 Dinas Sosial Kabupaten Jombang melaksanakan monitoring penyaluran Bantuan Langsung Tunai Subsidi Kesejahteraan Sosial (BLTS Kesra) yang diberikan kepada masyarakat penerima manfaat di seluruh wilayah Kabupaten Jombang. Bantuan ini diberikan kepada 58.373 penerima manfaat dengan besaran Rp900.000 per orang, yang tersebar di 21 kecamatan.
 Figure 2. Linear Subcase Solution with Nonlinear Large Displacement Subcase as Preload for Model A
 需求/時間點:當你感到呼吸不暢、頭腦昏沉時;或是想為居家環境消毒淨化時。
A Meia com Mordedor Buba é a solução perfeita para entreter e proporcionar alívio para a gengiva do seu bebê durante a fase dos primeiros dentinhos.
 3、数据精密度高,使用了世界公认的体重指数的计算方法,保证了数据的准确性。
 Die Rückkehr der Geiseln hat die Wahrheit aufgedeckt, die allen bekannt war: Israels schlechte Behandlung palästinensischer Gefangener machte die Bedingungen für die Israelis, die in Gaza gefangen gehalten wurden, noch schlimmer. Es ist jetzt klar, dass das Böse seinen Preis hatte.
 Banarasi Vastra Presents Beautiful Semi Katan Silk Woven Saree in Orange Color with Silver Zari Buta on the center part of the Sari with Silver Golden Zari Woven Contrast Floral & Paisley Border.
--
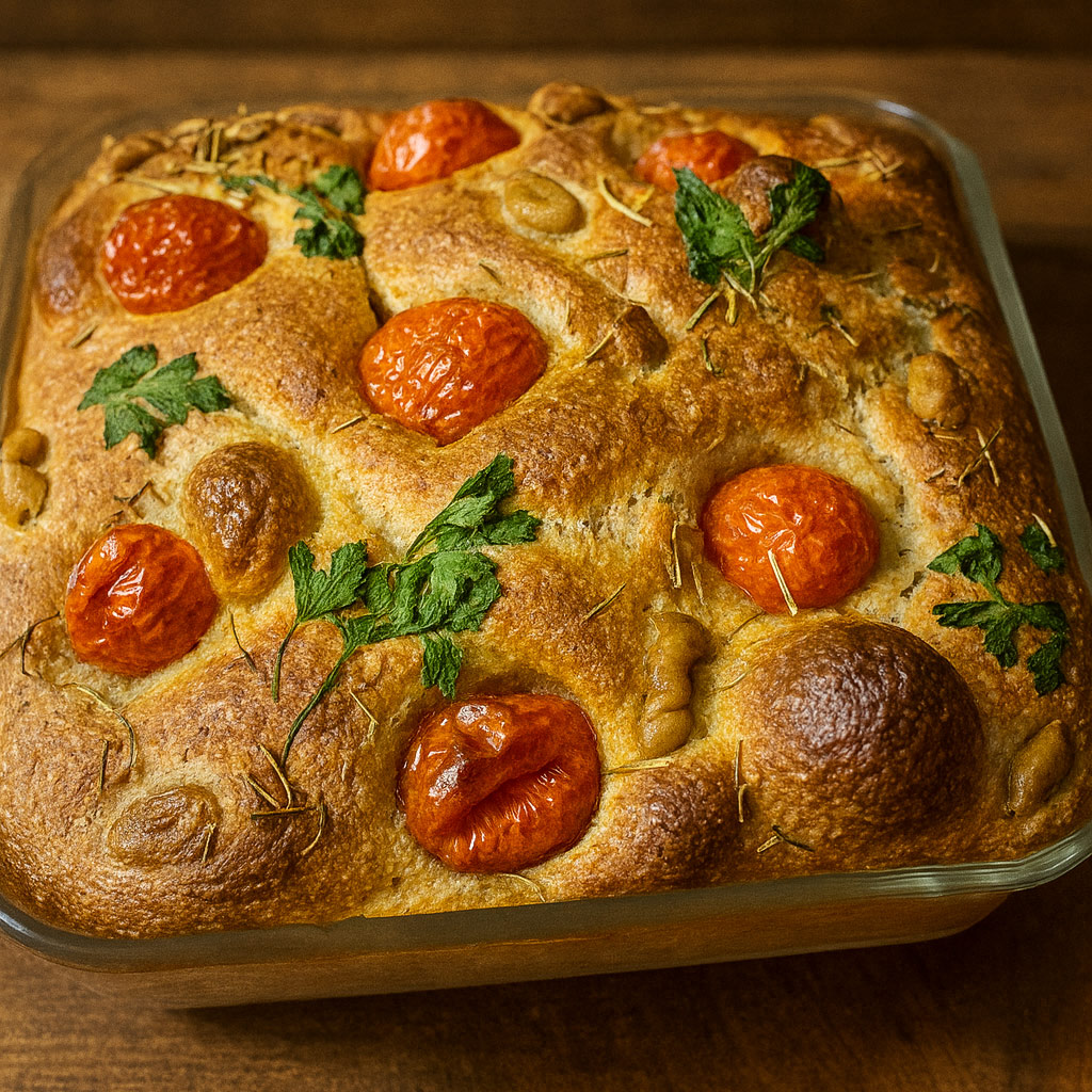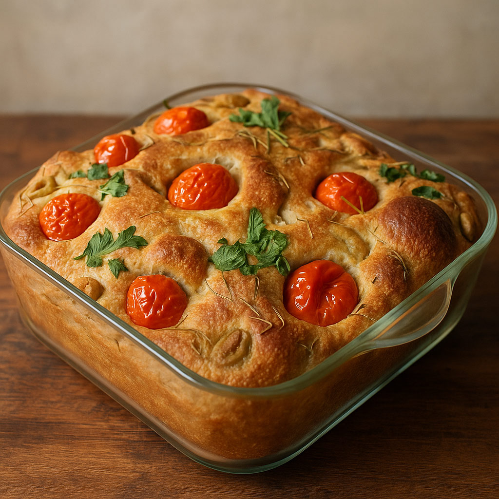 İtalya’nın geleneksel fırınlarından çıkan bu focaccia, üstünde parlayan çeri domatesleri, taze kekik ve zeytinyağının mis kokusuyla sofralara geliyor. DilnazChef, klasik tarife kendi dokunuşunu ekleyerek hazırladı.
...
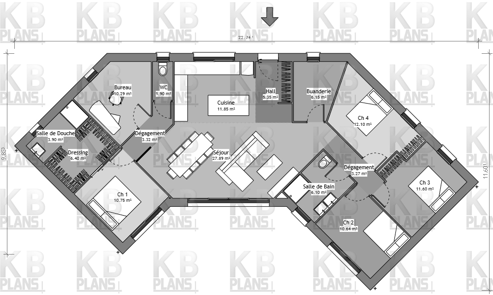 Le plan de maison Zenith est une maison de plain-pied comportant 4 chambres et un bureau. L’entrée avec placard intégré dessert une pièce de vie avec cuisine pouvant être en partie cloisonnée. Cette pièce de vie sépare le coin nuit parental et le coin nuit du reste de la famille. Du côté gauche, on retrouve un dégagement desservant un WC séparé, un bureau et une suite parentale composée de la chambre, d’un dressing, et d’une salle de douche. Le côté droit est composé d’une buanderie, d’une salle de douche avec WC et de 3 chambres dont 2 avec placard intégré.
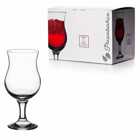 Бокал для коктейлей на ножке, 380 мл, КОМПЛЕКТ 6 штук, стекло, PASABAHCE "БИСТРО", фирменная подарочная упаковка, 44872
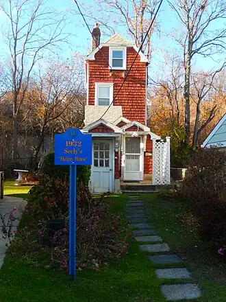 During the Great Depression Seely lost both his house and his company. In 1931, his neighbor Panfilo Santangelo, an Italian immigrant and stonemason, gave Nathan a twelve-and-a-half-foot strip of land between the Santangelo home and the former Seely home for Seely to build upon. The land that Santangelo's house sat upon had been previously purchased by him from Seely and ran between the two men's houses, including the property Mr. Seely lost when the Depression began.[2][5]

▶ TRY IT
Write down exactly what the lines above say, from the line holding "Le plan de maison" through the line holding "During the Great", and nothing more. Do not copy the pictures.

▶ ANSWER SPACE
 Le plan de maison Zenith est une maison de plain-pied comportant 4 chambres et un bureau. L’entrée avec placard intégré dessert une pièce de vie avec cuisine pouvant être en partie cloisonnée. Cette pièce de vie sépare le coin nuit parental et le coin nuit du reste de la famille. Du côté gauche, on retrouve un dégagement desservant un WC séparé, un bureau et une suite parentale composée de la chambre, d’un dressing, et d’une salle de douche. Le côté droit est composé d’une buanderie, d’une salle de douche avec WC et de 3 chambres dont 2 avec placard intégré.
 Бокал для коктейлей на ножке, 380 мл, КОМПЛЕКТ 6 штук, стекло, PASABAHCE "БИСТРО", фирменная подарочная упаковка, 44872
 During the Great Depression Seely lost both his house and his company. In 1931, his neighbor Panfilo Santangelo, an Italian immigrant and stonemason, gave Nathan a twelve-and-a-half-foot strip of land between the Santangelo home and the former Seely home for Seely to build upon. The land that Santangelo's house sat upon had been previously purchased by him from Seely and ran between the two men's houses, including the property Mr. Seely lost when the Depression began.[2][5]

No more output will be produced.